(Stored records)
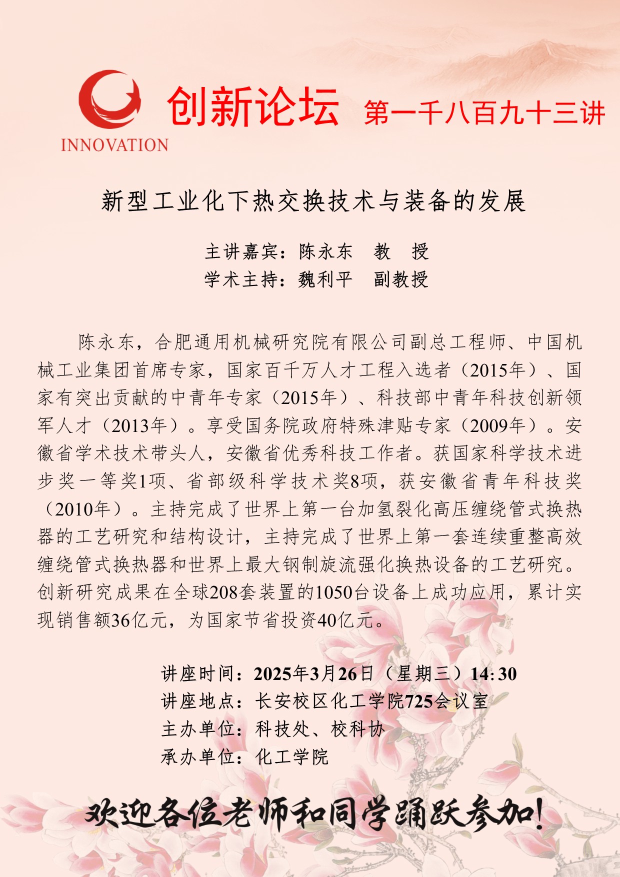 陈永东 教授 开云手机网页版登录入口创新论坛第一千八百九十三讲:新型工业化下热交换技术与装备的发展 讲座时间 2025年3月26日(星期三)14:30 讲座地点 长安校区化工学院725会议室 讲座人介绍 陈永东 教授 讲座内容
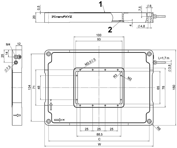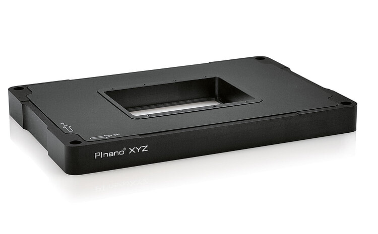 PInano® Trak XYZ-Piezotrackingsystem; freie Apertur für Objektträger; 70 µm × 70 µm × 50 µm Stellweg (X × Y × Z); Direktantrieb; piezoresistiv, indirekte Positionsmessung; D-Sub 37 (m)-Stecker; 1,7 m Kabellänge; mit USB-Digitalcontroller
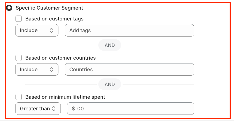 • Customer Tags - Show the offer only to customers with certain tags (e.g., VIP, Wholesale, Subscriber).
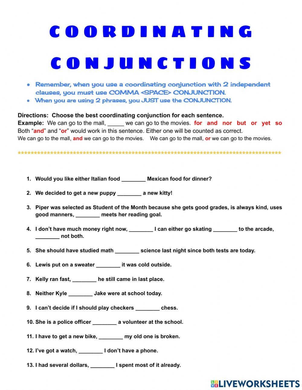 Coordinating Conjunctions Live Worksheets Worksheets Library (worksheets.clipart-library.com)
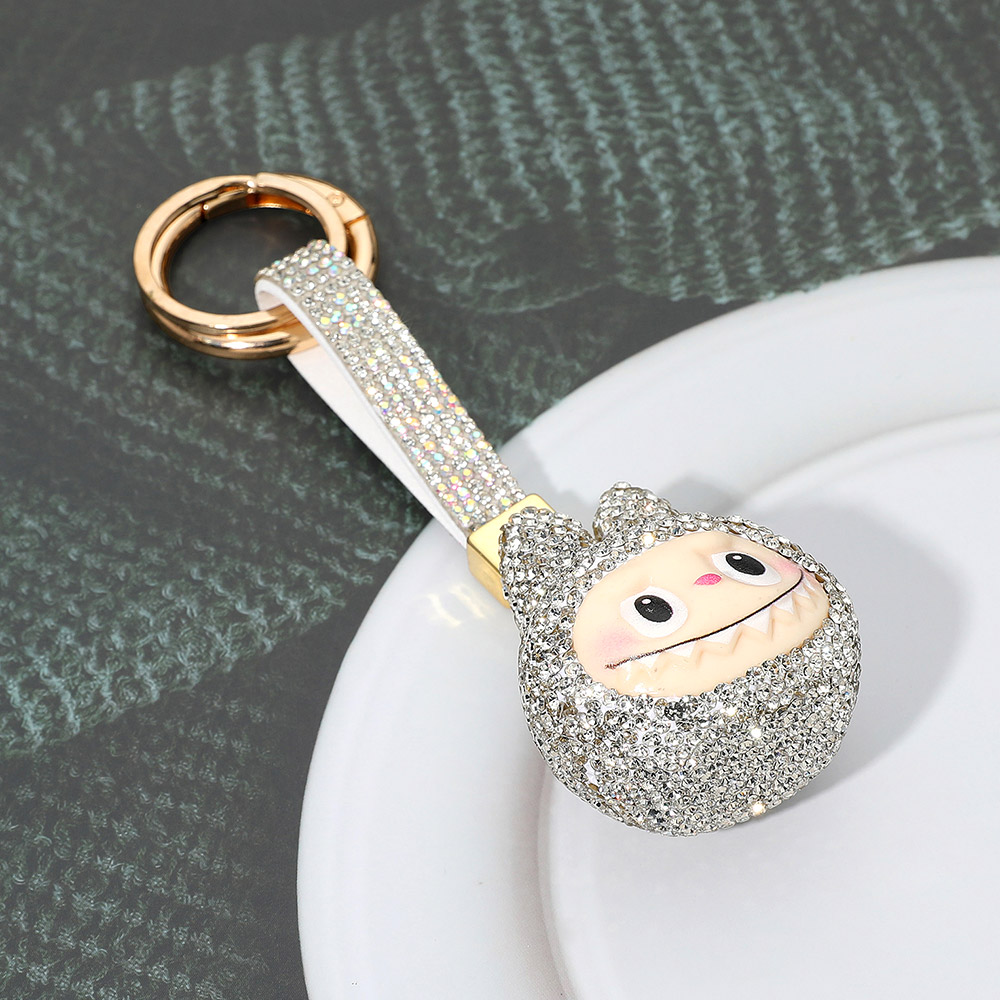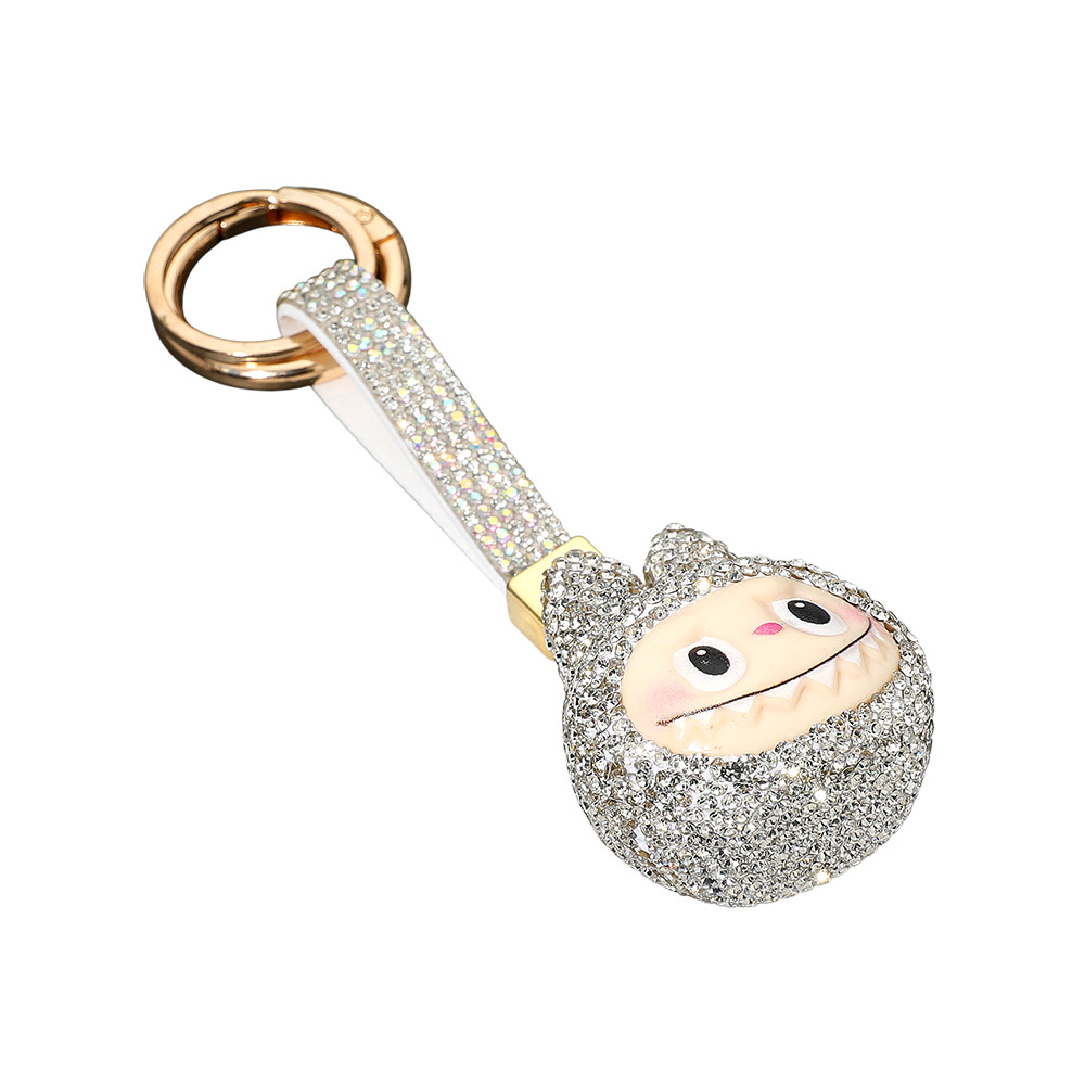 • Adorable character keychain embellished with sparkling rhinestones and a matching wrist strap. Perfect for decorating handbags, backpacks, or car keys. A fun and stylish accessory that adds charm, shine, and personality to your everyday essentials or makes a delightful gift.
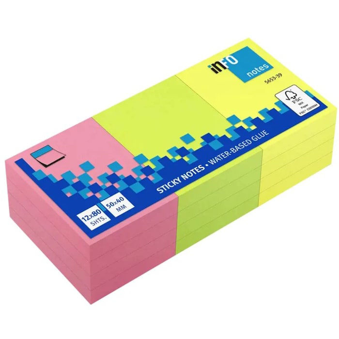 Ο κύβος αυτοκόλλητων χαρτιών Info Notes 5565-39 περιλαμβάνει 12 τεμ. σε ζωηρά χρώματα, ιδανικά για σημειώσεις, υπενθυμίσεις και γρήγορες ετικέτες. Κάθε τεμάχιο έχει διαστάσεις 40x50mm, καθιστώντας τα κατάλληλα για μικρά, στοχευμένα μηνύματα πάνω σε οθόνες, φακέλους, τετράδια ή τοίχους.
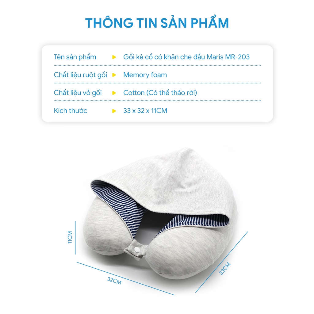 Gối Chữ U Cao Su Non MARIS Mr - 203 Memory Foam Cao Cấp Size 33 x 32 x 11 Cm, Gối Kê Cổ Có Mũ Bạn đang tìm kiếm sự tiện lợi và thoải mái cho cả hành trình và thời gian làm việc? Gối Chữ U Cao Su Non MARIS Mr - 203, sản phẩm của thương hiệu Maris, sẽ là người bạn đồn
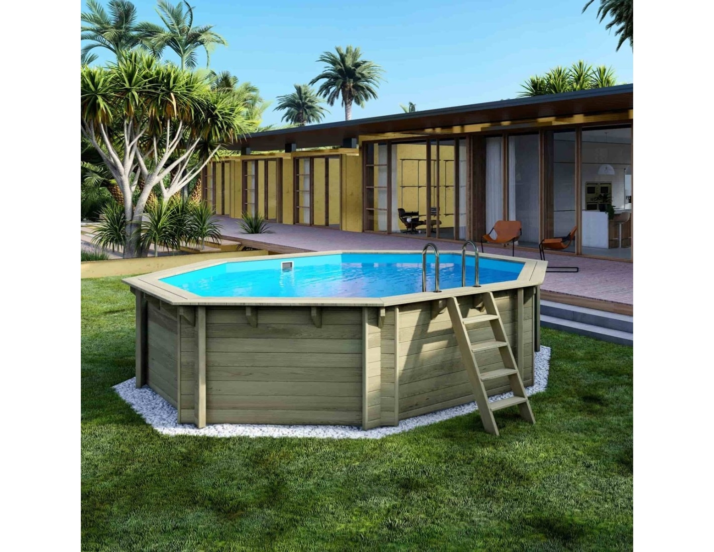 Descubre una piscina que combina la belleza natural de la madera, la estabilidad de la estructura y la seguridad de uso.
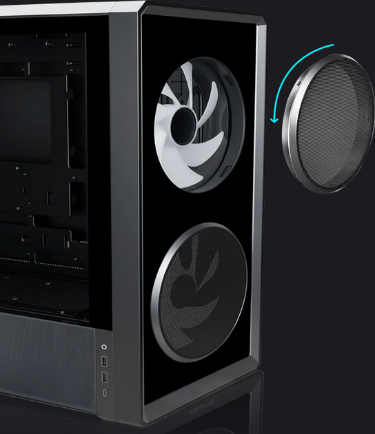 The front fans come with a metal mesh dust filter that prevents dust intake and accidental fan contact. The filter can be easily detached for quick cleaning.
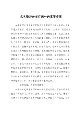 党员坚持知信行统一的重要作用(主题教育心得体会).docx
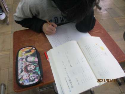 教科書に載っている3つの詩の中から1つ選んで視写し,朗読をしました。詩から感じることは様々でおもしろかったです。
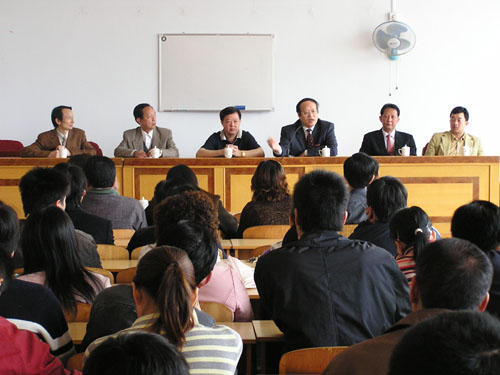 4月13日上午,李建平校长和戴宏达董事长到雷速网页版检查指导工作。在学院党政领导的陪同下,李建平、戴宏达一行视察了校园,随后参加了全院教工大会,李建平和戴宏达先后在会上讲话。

**Task requirements**
The copy should match the records above exactly, except that pictures are dropped.

**Your solution**
 陈永东 教授 开云手机网页版登录入口创新论坛第一千八百九十三讲:新型工业化下热交换技术与装备的发展 讲座时间 2025年3月26日(星期三)14:30 讲座地点 长安校区化工学院725会议室 讲座人介绍 陈永东 教授 讲座内容
 PInano® Trak XYZ-Piezotrackingsystem; freie Apertur für Objektträger; 70 µm × 70 µm × 50 µm Stellweg (X × Y × Z); Direktantrieb; piezoresistiv, indirekte Positionsmessung; D-Sub 37 (m)-Stecker; 1,7 m Kabellänge; mit USB-Digitalcontroller
 • Customer Tags - Show the offer only to customers with certain tags (e.g., VIP, Wholesale, Subscriber).
 Coordinating Conjunctions Live Worksheets Worksheets Library (worksheets.clipart-library.com)
 • Adorable character keychain embellished with sparkling rhinestones and a matching wrist strap. Perfect for decorating handbags, backpacks, or car keys. A fun and stylish accessory that adds charm, shine, and personality to your everyday essentials or makes a delightful gift.
 Ο κύβος αυτοκόλλητων χαρτιών Info Notes 5565-39 περιλαμβάνει 12 τεμ. σε ζωηρά χρώματα, ιδανικά για σημειώσεις, υπενθυμίσεις και γρήγορες ετικέτες. Κάθε τεμάχιο έχει διαστάσεις 40x50mm, καθιστώντας τα κατάλληλα για μικρά, στοχευμένα μηνύματα πάνω σε οθόνες, φακέλους, τετράδια ή τοίχους.
 Gối Chữ U Cao Su Non MARIS Mr - 203 Memory Foam Cao Cấp Size 33 x 32 x 11 Cm, Gối Kê Cổ Có Mũ Bạn đang tìm kiếm sự tiện lợi và thoải mái cho cả hành trình và thời gian làm việc? Gối Chữ U Cao Su Non MARIS Mr - 203, sản phẩm của thương hiệu Maris, sẽ là người bạn đồn
 Descubre una piscina que combina la belleza natural de la madera, la estabilidad de la estructura y la seguridad de uso.
 The front fans come with a metal mesh dust filter that prevents dust intake and accidental fan contact. The filter can be easily detached for quick cleaning.
 党员坚持知信行统一的重要作用(主题教育心得体会).docx
 教科書に載っている3つの詩の中から1つ選んで視写し,朗読をしました。詩から感じることは様々でおもしろかったです。
 4月13日上午,李建平校长和戴宏达董事长到雷速网页版检查指导工作。在学院党政领导的陪同下,李建平、戴宏达一行视察了校园,随后参加了全院教工大会,李建平和戴宏达先后在会上讲话。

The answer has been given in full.